Morgan’s major roles included Pete Porter in both ‘December Bride’ and ‘Pete and Gladys,’ Officer Bill Gannon on ‘Dragnet,’ Amos Coogan on ‘Hec Ramsey’ and his starring role as Colonel Sherman T. Potter in ‘M*A*S*H’ and ‘AfterMASH.’. He appeared in more than 100 films. In 1986, he co-starred with Hal Linden in ‘Blacke’s Magic’, a show about a magician who doubled as a detective solving unusual crimes. Harry’s character, Leonard Blake, was a semiretired con artist.

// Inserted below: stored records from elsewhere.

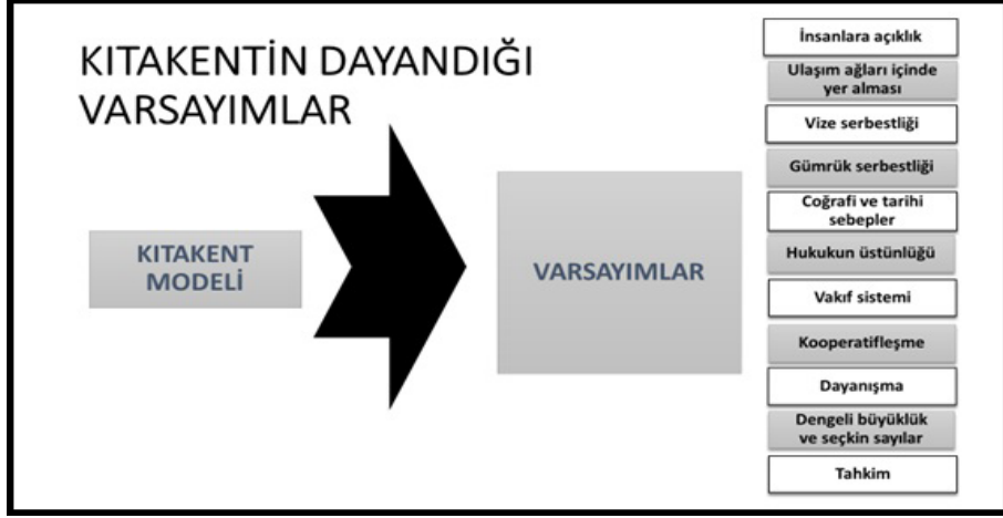
Şekil 2. Kitakentin Varsayımları

Hizmette halka yakınlık ilkesinin ( subsidiarity ) de yaşama geçirilmesi gerekir. Bu ilkenin hem ülkemizde hem de uluslararası alanda benimsenmesi hem gelişme hem de demokratikleşme bakımından son derecede önem taşır. Bunun tersinin düşünülmesi halka ve demokrasiye inancsızlık ve karamsarlık taşımaktan başka anlam taşımaz (Keleş, 1995: 14). Kamusal hizmetler vatandaşa en yakın yönetim birimi tarafından verildiği takdirde etkili olur. Hizmette yerel öncelik ( Subsidiarité/Subsidiarity ) ilkesinde merkez yerel bütünlüğü ve etkinliği içinde yerel halkın istekleri önem kazanır (Toprak, 2014: 39). Bu ilkeler Fransa'da olduğu gibi günümüz anayasalarına girmektedir (Şinik, 2009: 260). Şekil 1'de görüldüğü üzere insanlığı meydana getiren toplumsal yapı oluşturulurken siyasi ve ekonomik olmak üzere ikili bir ayırım önem taşır. Böylece hürriyetle güç göz önüne alınarak hem hürriyetleri esas alan hem de ekonomik olarak güçlülüğü beraberinde getiren dengeli bir hiyerarşik düzen kurulmuş olur. Hürriyetlerle güç dengeli bir şekilde yaplanır.
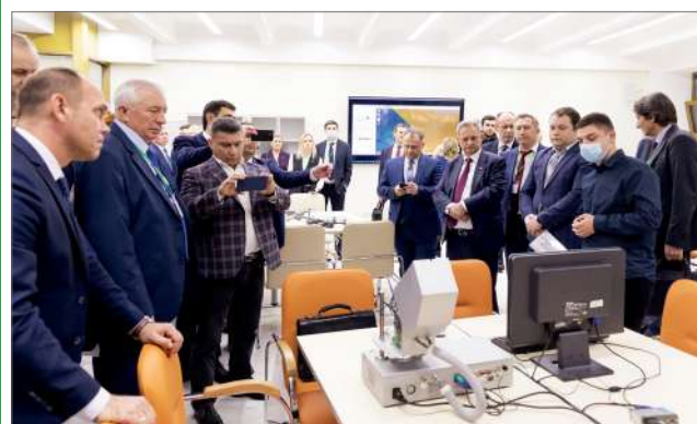
Руководители аграрных вузов знакомятся с оснащением РГАУ – МСХА имени К. А. Тимирязева
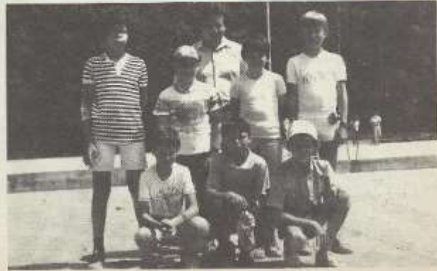
Champions et finalistes Minimes.
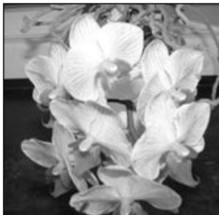
Věrám k svátku posíláme květ orchideje.
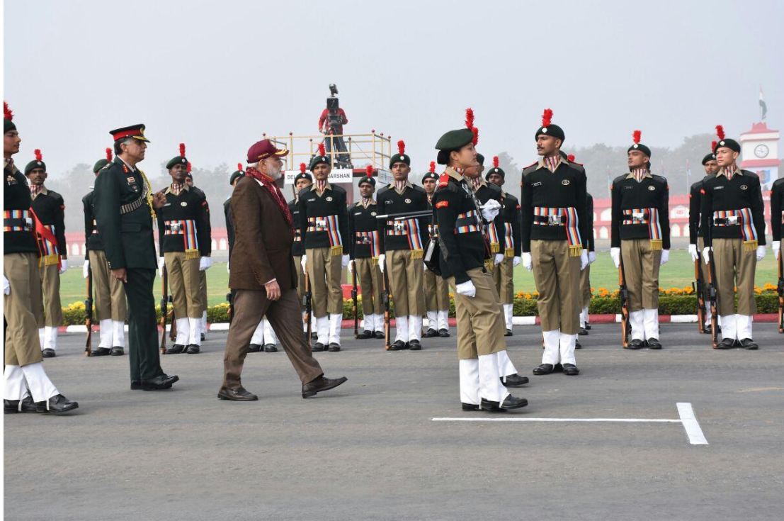
Guard of Honour to Hon'ble Prime Minister
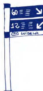
Parada de colectivo
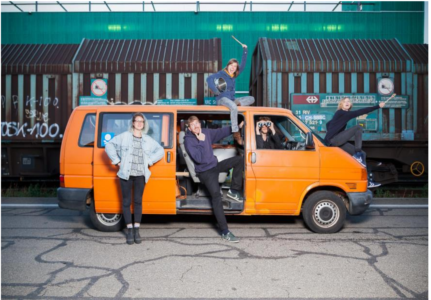
Aktion Rastplatz
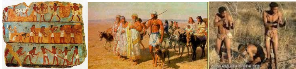
EGIPCIOS EUROAFRICANOS MEDITERRANEOS

Como quiera que en los tiempos de la prehistoria las migraciones marítimas masivas por el mar Atlántico resulten tan hipotéticas que casi puede asegurarse que todas las migraciones indígenas se realizaron del Continente Asiático. Quizá los indios prehistóricos tuvieron sus orígenes
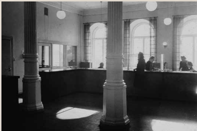
Kaupungin rahatoimisto 1940-luvulla. KSM

Peruskorjauksessa taloon palautettiin alkuperäinen huonejako ja entisöityihin tiloihin alkuperäinen värimaailma, kipsilistat, koristemaalaukset ja kokopuiset peiliövet. Vanhat massiivipuiset kalusteet ja arvovalaisimet on kunnostettu ja palautettu takaisin käyttöön. Toimistotiloissa on uudet kalusteet ja huoneiden valaisinvalinnoissa on korostettu 2000-lukua uudenaikaisilla valaistuksilla ja muodoilla ja metallinvärillä.
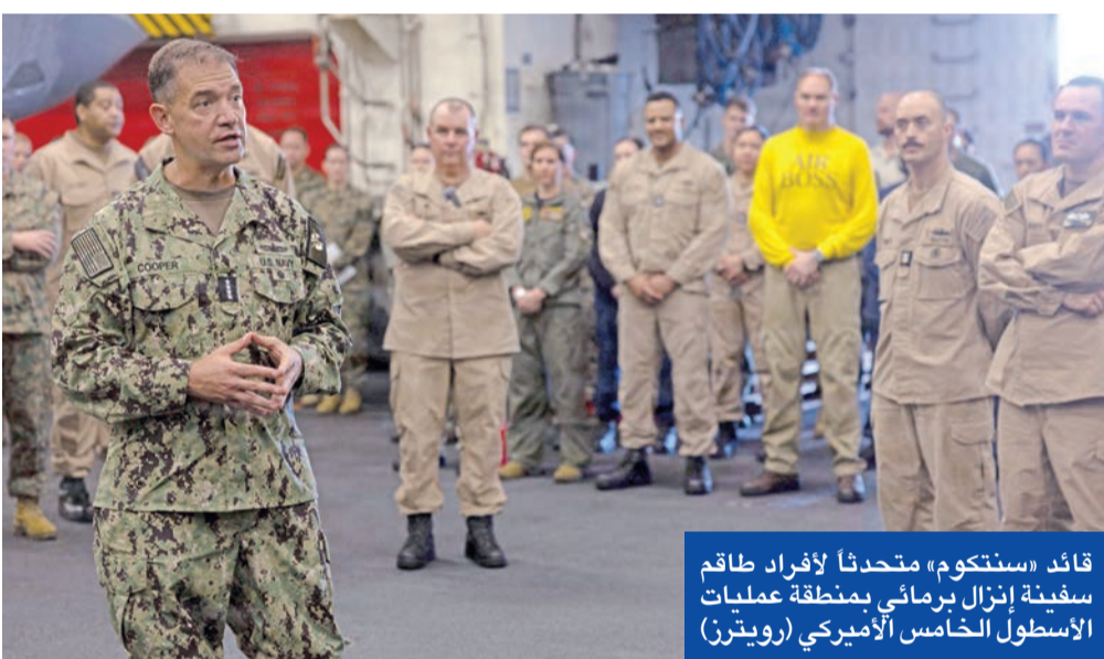
قائد «سنتكوم» متحدثاً لأفراد طاقم سفينة إزال برماني بمنطقة عمليات الأسطول الخامس الأميركي

وفي مقابلة مع «فيس نيوز»، هدد ترامب بإبادة إيران من على وجه الأرض إذا هاجمت السفن الأميركية المشاركة في العملية. ورداً على المشروع الأميركي، حذر رئيس لجنة الأمن القومي البرلمانية الإيرانية، إبراهيم عزيزي، من أن أي تدخل أميركي في النظام الملاحي الجديد لـ «هرمز» سيعتبر خرقاً لاتفاق القبولين في الإمارات. وقبل الغار الذي تم تمديد من واشنطن لأجل غير مسمى. وأعلنت بحرية «الحرس الثوري» توسيع نطاق سيطرتها بـ «هرمز» ليشمل «من الجنوب خطا يربط بين كوه مبارك في إيران وجنوب الفجيرة في الإمارات، ومن الغرب خطا يربط بين نهاية جزيرة قشم الإيرانية وأم القيوين في الإمارات». وفي حين أظهرت بيانات ملاحية عبور 9 سفن لـ «هرمز» في الاتجاهين، منذ دخول «مشروع الحرية»، حين سفن تجارية أو ناقلة النفط من المضيق خلال الساعات الماضية. وإلى جانب الناقلة الإماراتية التي قصفها الحرس الثوري تعرضت سفينة كورية للهجوم.
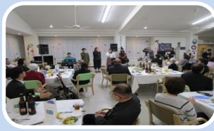
▲ クリスマス&忘年会
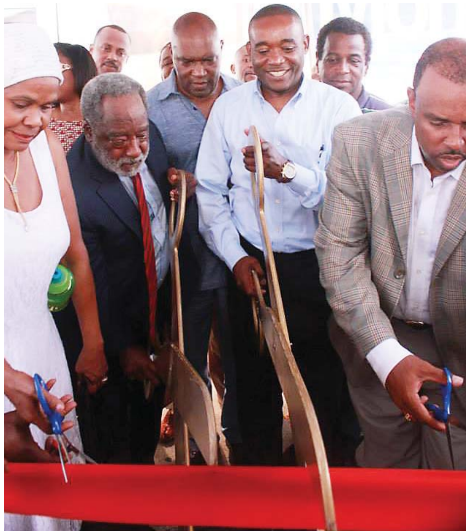
Hundreds (included many well-known personalities in the Haitian-American and African-American communities) attended Open House and Ribbon Cutting Ceremony for Commissioner Jean Monestime Re-Election Campaign 2014. This new location in North Miami will serve as a central location where Monestime's supporters can find vital information.

Today, Monestime is a little more secured financially for his re-election campaign. According to politicalcorradito.com, Monestime's monthly take was the biggest of all the incumbent commissioners up for re-election. He raised a whopping $77,000 in contributions for the election this year just in the month of March 2014 - more than he has in any other single month since he started raising funds in March of last year - bringing his total to nearly $300,000 (up to March 2014) for his re-election bid. Until March 2014, his opponent Rolle has raised a paltry $17,000 in comparison - and only $250 from two donors in the last month.
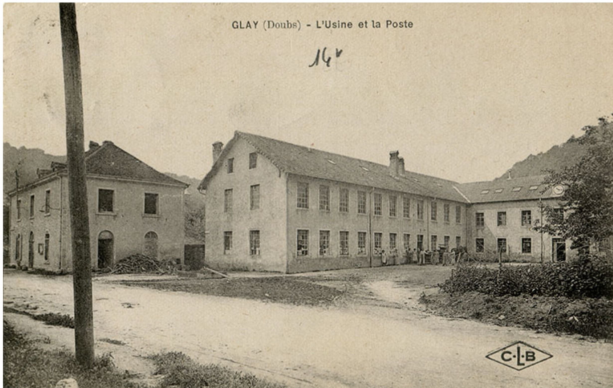
Glay (Doubs) - L'usine et la poste, 1er quart 20e siècle. 25, Glay, 8 rue des Automobiles JeanPerrin
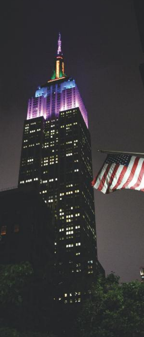
Empire State Building

A New York c'è sempre una storia da raccontare, infinite storie da raccontare. Il suo eclettismo verticale, la sua foresta di skyscraper, oggi ha epigoni globali che vanno da Dubai all'estremo Oriente, i record non ci sono più ma l'anima resta inimitabile. Le storie, le infinite storie di Nyc, continuano ad alimentarsi col nuovo che irrompe sulla scena, perché c'è sempre qualcosa che accade, qualcuno che arriva, una rivoluzione urbana dietro l'angolo, economica o artistica, sociale o gastronomica, ineguagliabile approdo metropolitano per i trendsetter di moda, finanza, design, cinema e teatro. Tanta roba, tutto sotto lo stesso cielo. Ma il nuovo ha fatto la storia perché tutto è sempre stato nuovo, a partire dall'architettura. A New York City non ci sono solo i grattacieli, ma anche i primi grattacieli, solo qua possiamo ammirare Empire State e Chrysler , building per antonomasia. Ma 'sotto di loro' ci sono il Greenwich e Harlem , il Bronx e Chinatown , Brooklyn e Chelsea , luoghi di cinema e di romanzi, di immigrazione e di cultura che è stata (e sarà sempre) avanguardia permanente, di delitti efferati e di smisurate fortune. Questa è l'America bellezza. Questa è la capitale del mondo. E vale un viaggio, qualche volta 'il viaggio'. Lo vale anche se è diventata costosissima, anche se le auto di Time Square vanno di clacson come in India, anche se la sua metropolitana è un rebus non sempre decifrabile. A New York trovano pieno alloggio tutti gli aggettivi, che si
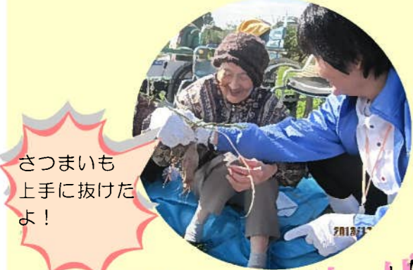
さつまいも 上手に抜けた よ!
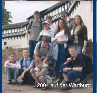
2004 auf der Wartburg
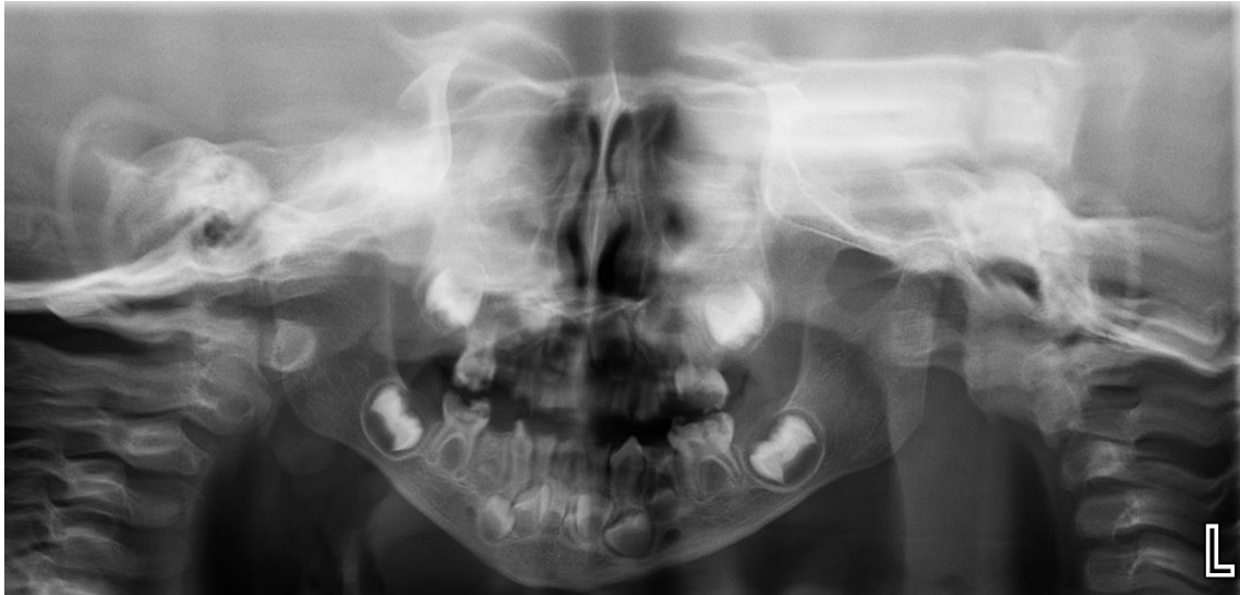
Figura 2. Ortopantografía. estructuras simétricas, fórmula temporal completa, fórmula permanente completa, restos radiculares de órganos dentarios

Por parte del servicio de hematología se solicita biometría hemática de padres y hermano de la paciente para descartar que se trate de una trombocitopenia familiar, debido a que la madre tuvo antecedentes de trombocitopenia.
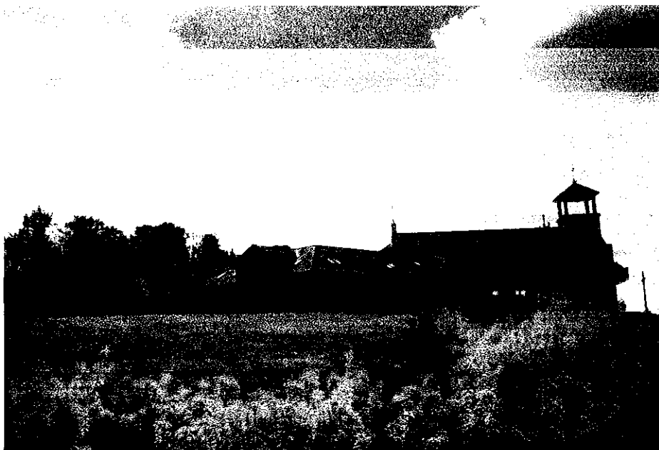
Rysunek 3 Kościół w budowie przy ulicy Słonecznej
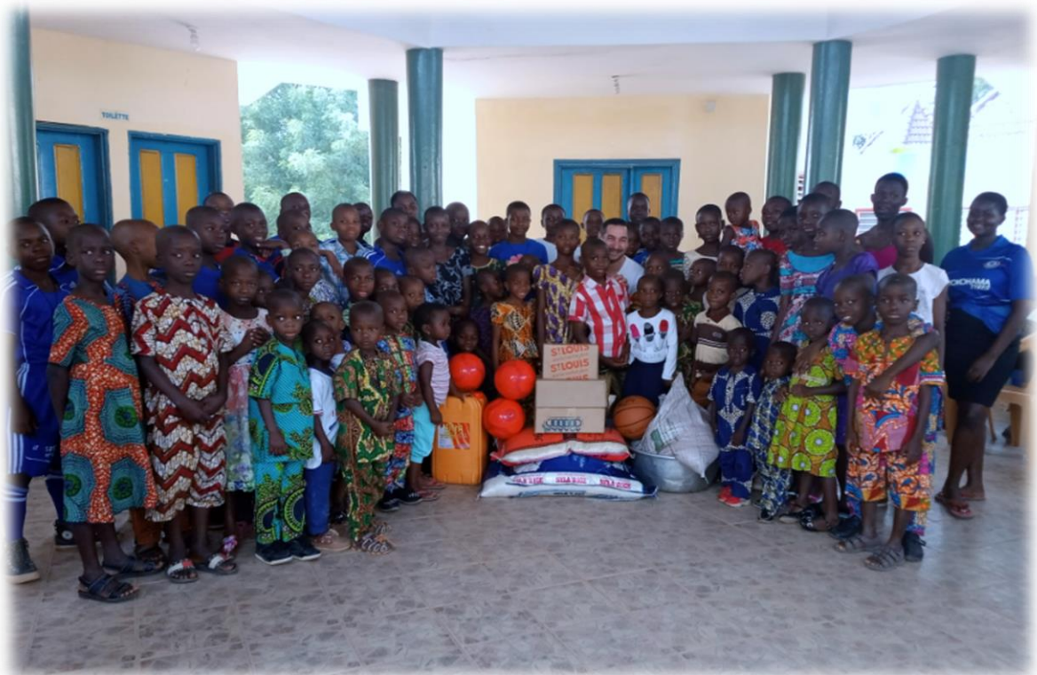
Action caritative à l'ONG SPES de Kpalimé, le 16 février 2020

In 1987, Morgan reprised his Bill Gannon character, now a captain, for a supporting role in another film version of Dragnet, a parody, and homage to the original series written by and starring Dan Aykroyd and costarring Tom Hanks and Christopher Plummer. In 1987–1988, Morgan starred in the one-season situation comedy series ‘You Can’t Take It with You’ as family patriarch Martin Vanderhof. In 2006, He was inducted into the Hall of Great Western Performers at the National Cowboy & Western Heritage Museum in Oklahoma City, Oklahoma.
From his successful acting career, Harry Morgan accumulated a total net worth of $30 million by the time of his death.